• **THE DATA**
═══
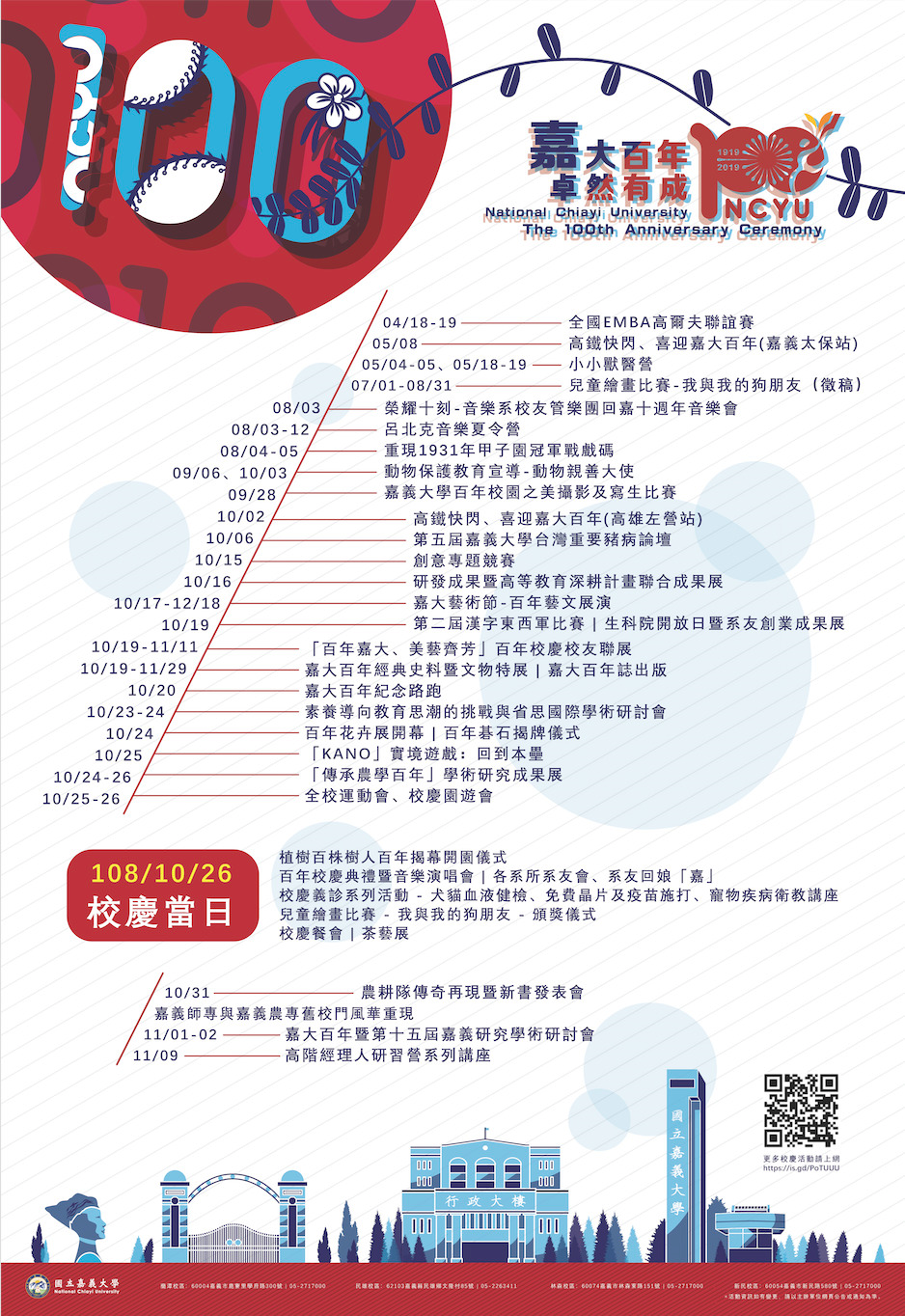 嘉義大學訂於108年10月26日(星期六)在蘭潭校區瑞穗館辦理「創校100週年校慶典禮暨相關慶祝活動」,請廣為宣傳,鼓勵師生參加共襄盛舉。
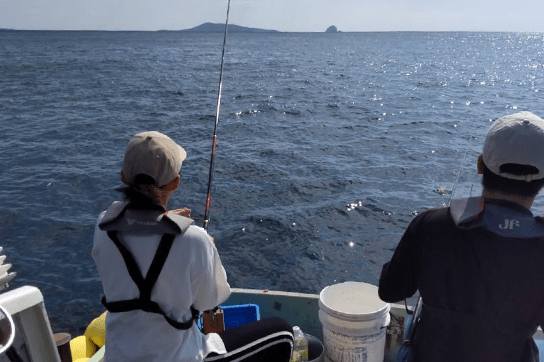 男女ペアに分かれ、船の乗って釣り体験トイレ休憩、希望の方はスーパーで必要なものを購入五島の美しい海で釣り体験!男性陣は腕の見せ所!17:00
═══
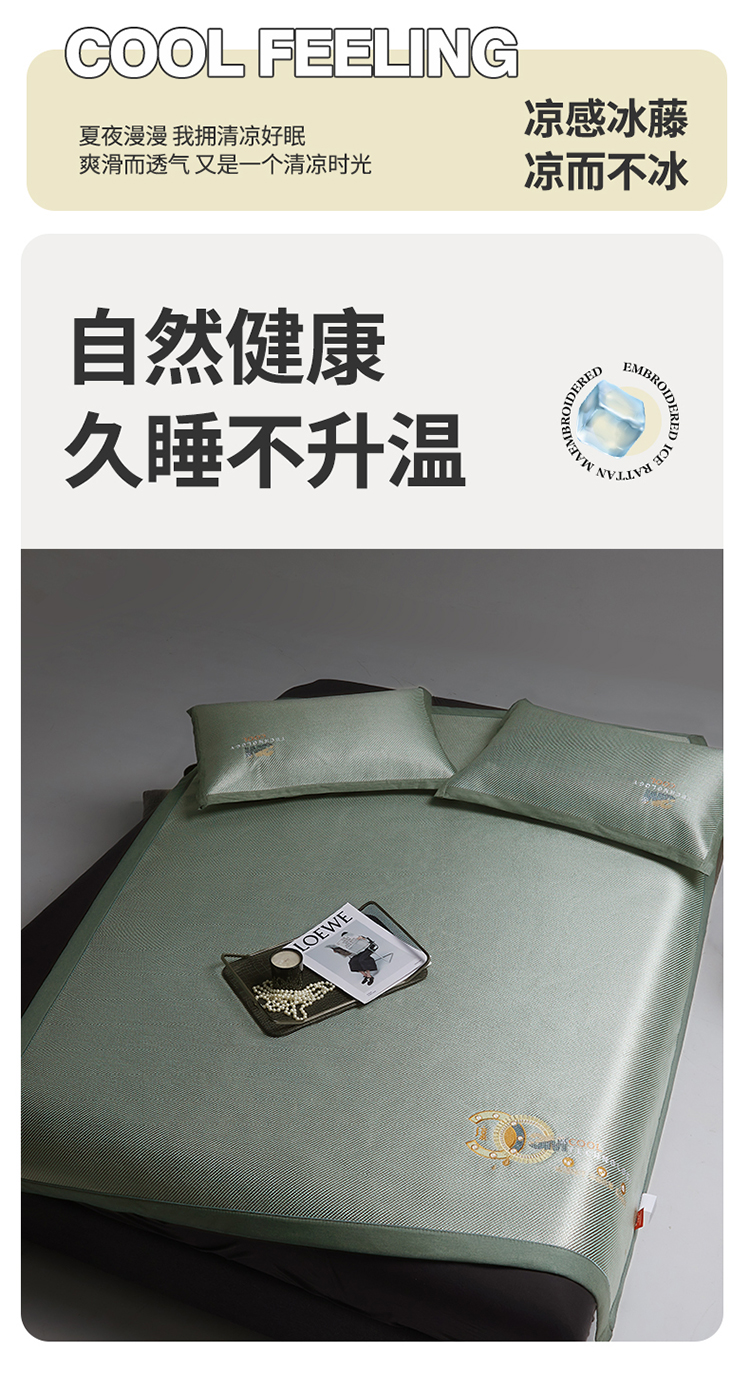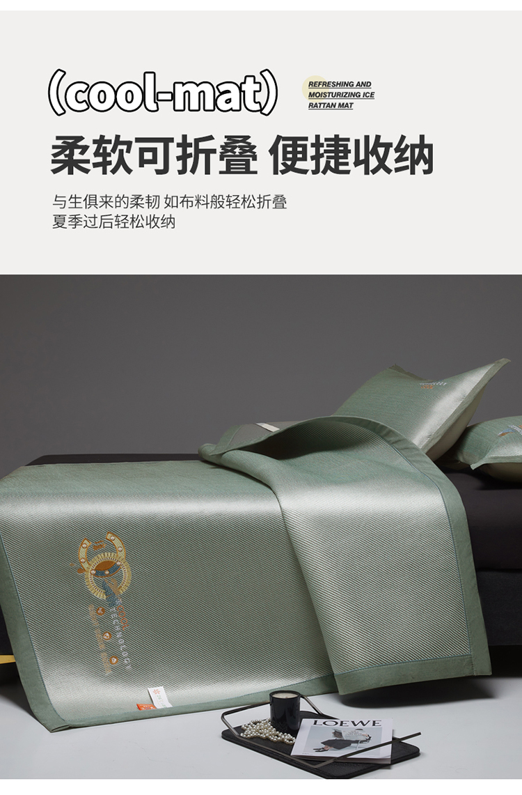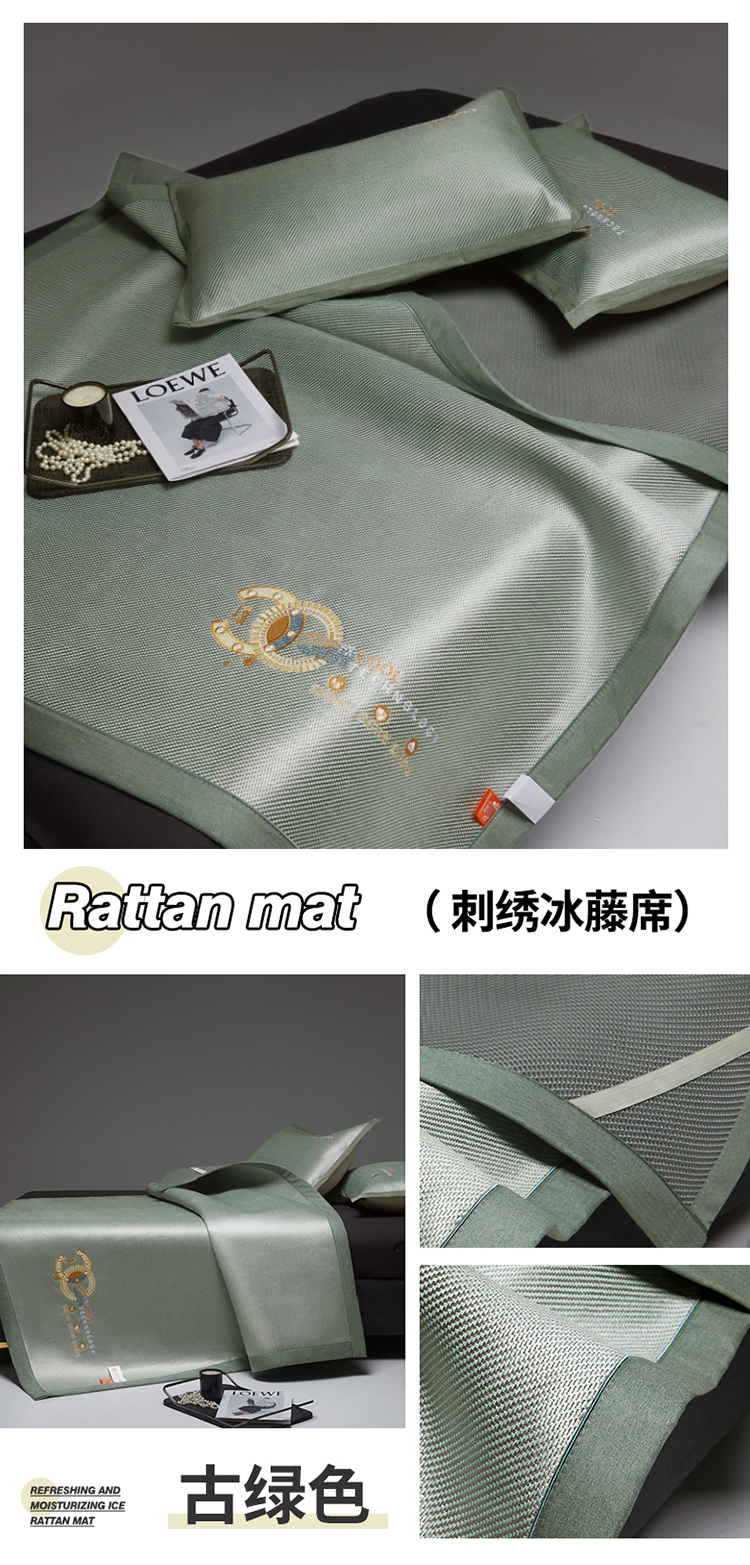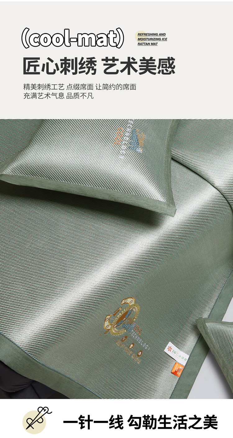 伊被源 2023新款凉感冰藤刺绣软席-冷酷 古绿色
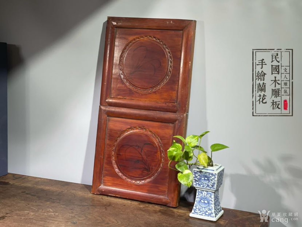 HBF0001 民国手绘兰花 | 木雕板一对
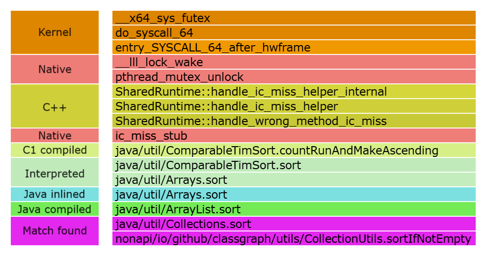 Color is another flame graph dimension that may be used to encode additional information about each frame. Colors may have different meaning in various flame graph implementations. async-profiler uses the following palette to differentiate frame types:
═══
What is needed is an exact copy of the lines above, from the one holding "嘉義大學訂於108年10月2" down to the one holding "男女ペアに分かれ、船の乗って", with those two included and the pictures left out.

• **TASK OUTPUT**
 嘉義大學訂於108年10月26日(星期六)在蘭潭校區瑞穗館辦理「創校100週年校慶典禮暨相關慶祝活動」,請廣為宣傳,鼓勵師生參加共襄盛舉。
 男女ペアに分かれ、船の乗って釣り体験トイレ休憩、希望の方はスーパーで必要なものを購入五島の美しい海で釣り体験!男性陣は腕の見せ所!17:00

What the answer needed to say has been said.